Developing metabolomics for a systems biology approach to understand Parkinson's disease

Neurodegenerative diseases, including Parkinson’s disease (PD), are increasing in prevalence due to the aging population. Despite extensive study, these diseases are still not fully understood and the lack of personalised treatment options that can target the cause of the diseases, rather than the symptoms, has led to a greater demand for improved disease understanding, therapies and diagnostic procedures.

Author
C.C.W. Willacey
Date
08 September 2021
Links
Thesis in Leiden Repository

Neurodegenerative diseases, including Parkinson’s disease (PD), are increasing in prevalence due to the aging population.
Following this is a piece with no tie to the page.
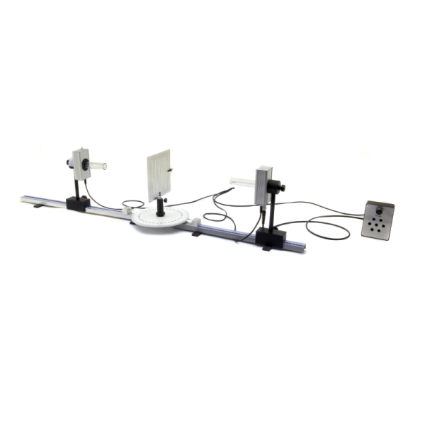 With the same set, all aspects of microwave physics can be studied quantitatively: polariziation, reflection, transmission, refraction, propagation, diffraction, interference, inverse square law, standing waves, conservation of energy in reflection and transmission

Despite extensive study, these diseases are still not fully understood and the lack of personalised treatment options that can target the cause of the diseases, rather than the symptoms, has led to a greater demand for improved disease understanding, therapies and diagnostic procedures. In this thesis, we use systems biology approaches to construct disease-specific models intended for biomarker discovery, therapeutic treatment strategy identification and drug repurposing in PD. Systems biology is a mathematical field of research that analyses biological systems via construction of a computational model using experimental data. This is achieved by integration of omics data, including genomics, proteomics, transcriptomics and metabolomics. A specific approach used to identify the physico- and biochemical bounds within a biological system is constraint-based modelling, which requires the input of absolute quantitative metabolomics data. To improve our absolute quantitative coverage of the metabolome, we developed and improved new quantitative metabolomics methods using a targeted mass spectrometry workflow to obtain data intended to be integrated into constraint-based metabolic models for the study of PD.